Prevention is best option to tackle noncommunicable diseases

24 February 2010

Your royal highnesses, excellencies, honourable ministers, colleagues in public health, ladies and gentlemen,

It is a great pleasure to address a group that represents so many parts of the world, so many associations and societies with disease expertise, and so many advocates for healthier lifestyles.
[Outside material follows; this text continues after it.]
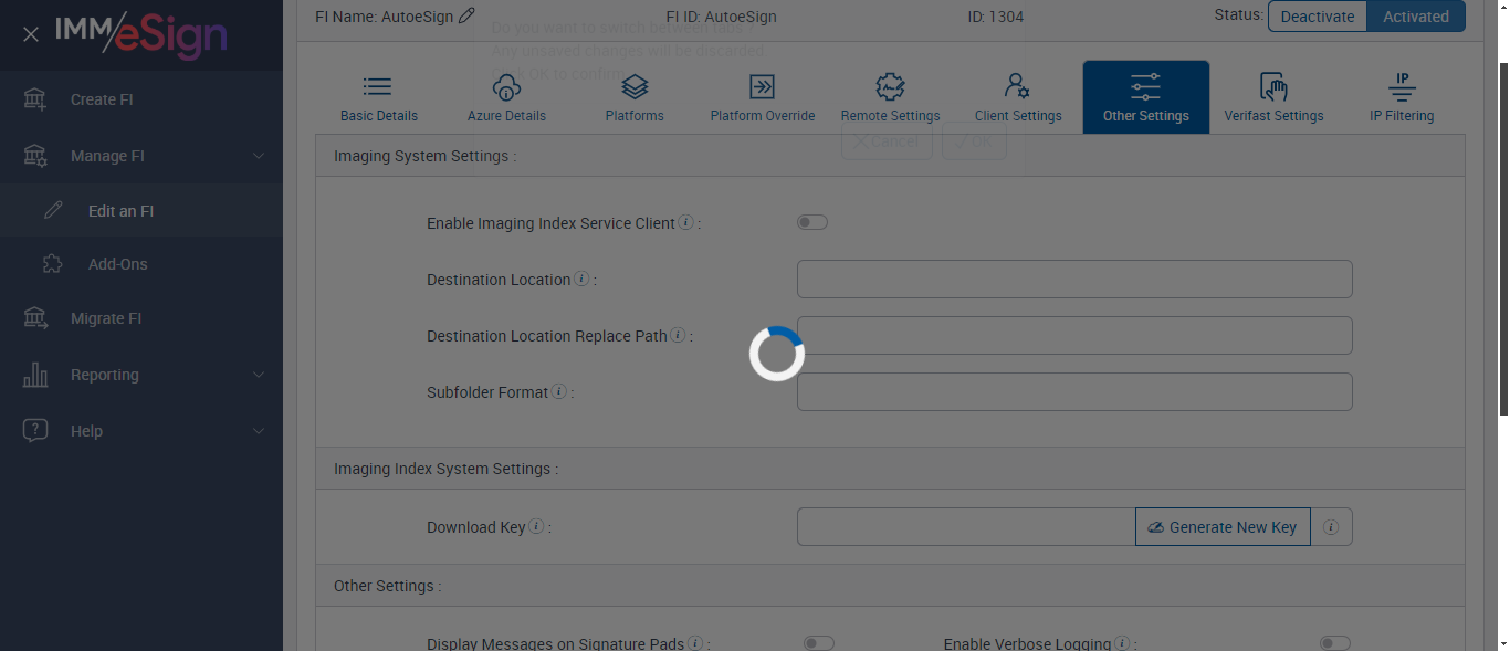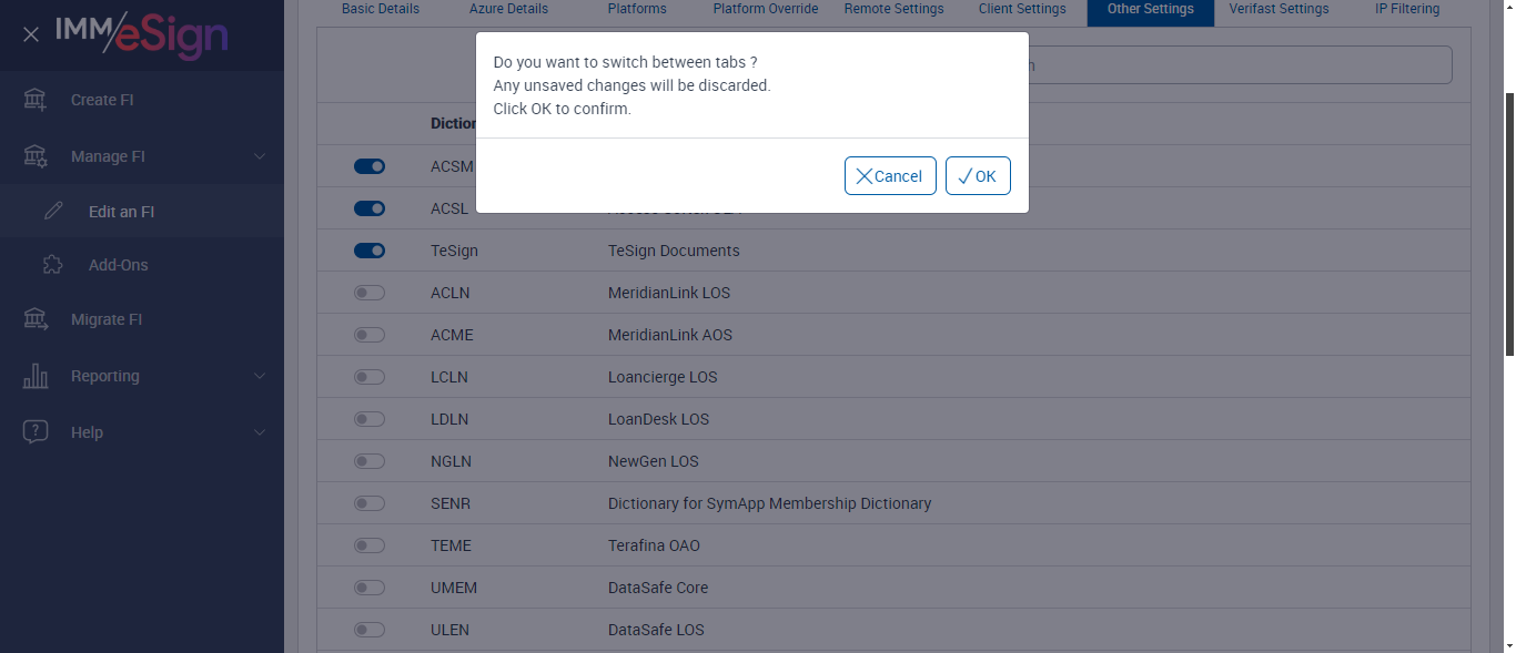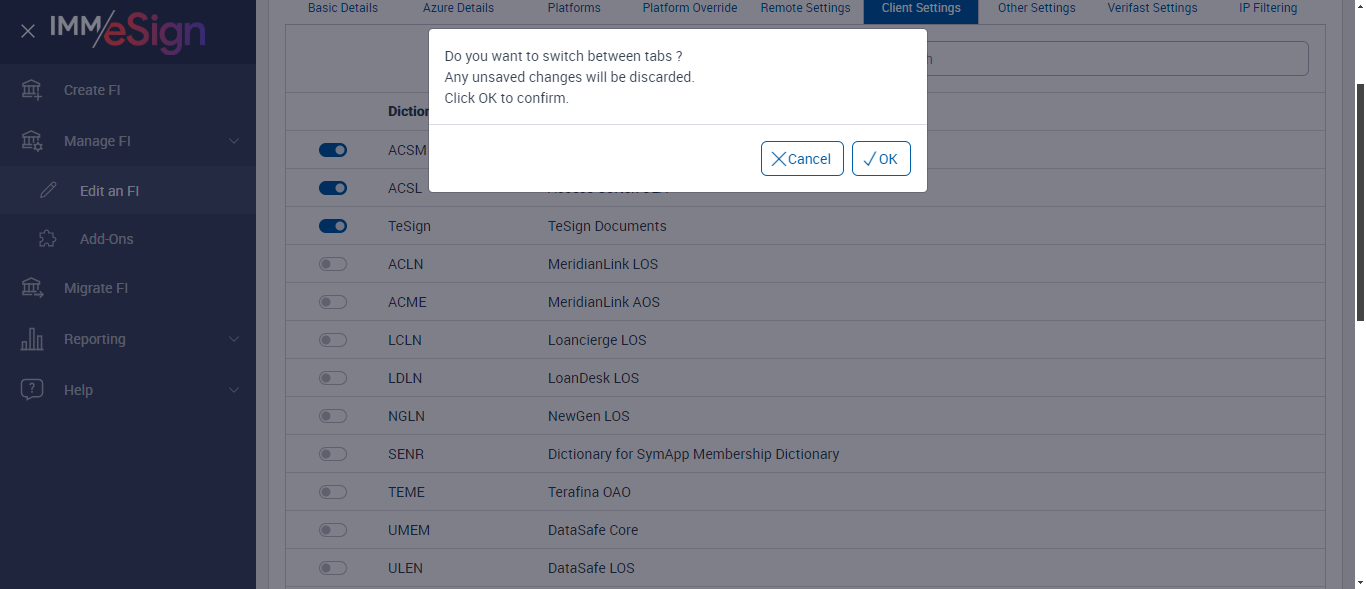 verifySwitchingBetweenFIsinClientSettingsTab

It is equally encouraging to see the engagement of royalty, sister UN agencies, funding agencies, and leaders in health and development.
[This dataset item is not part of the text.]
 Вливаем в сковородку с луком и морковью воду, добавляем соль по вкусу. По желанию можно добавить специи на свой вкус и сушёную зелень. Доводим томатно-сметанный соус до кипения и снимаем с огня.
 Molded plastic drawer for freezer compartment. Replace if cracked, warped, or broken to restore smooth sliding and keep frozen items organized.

The diverse and high-level expertise represented in this room is itself a statement about how deeply we need to be concerned and how broadly we need to engage.

We have a problem. This is a big problem that looks destined to grow even bigger. Noncommunicable diseases, long considered the close companions of affluent societies, have changed places. Cardiovascular disease, cancers, diabetes, chronic respiratory diseases, and mental disorders now impose their greatest burden on low- and middle-income countries. Diseases once associated with abundance are now heavily concentrated in poor and disadvantaged groups.

To a large extent, this shift in the disease burden can be attributed to some powerful global forces that are shaping health conditions everywhere. Demographic ageing, rapid unplanned urbanization, and the globalization of unhealthy lifestyles are universal trends, but the consequences are not evenly felt. Developing countries have the greatest vulnerability and the least resilience. They are hit the hardest and have the least capacity to cope.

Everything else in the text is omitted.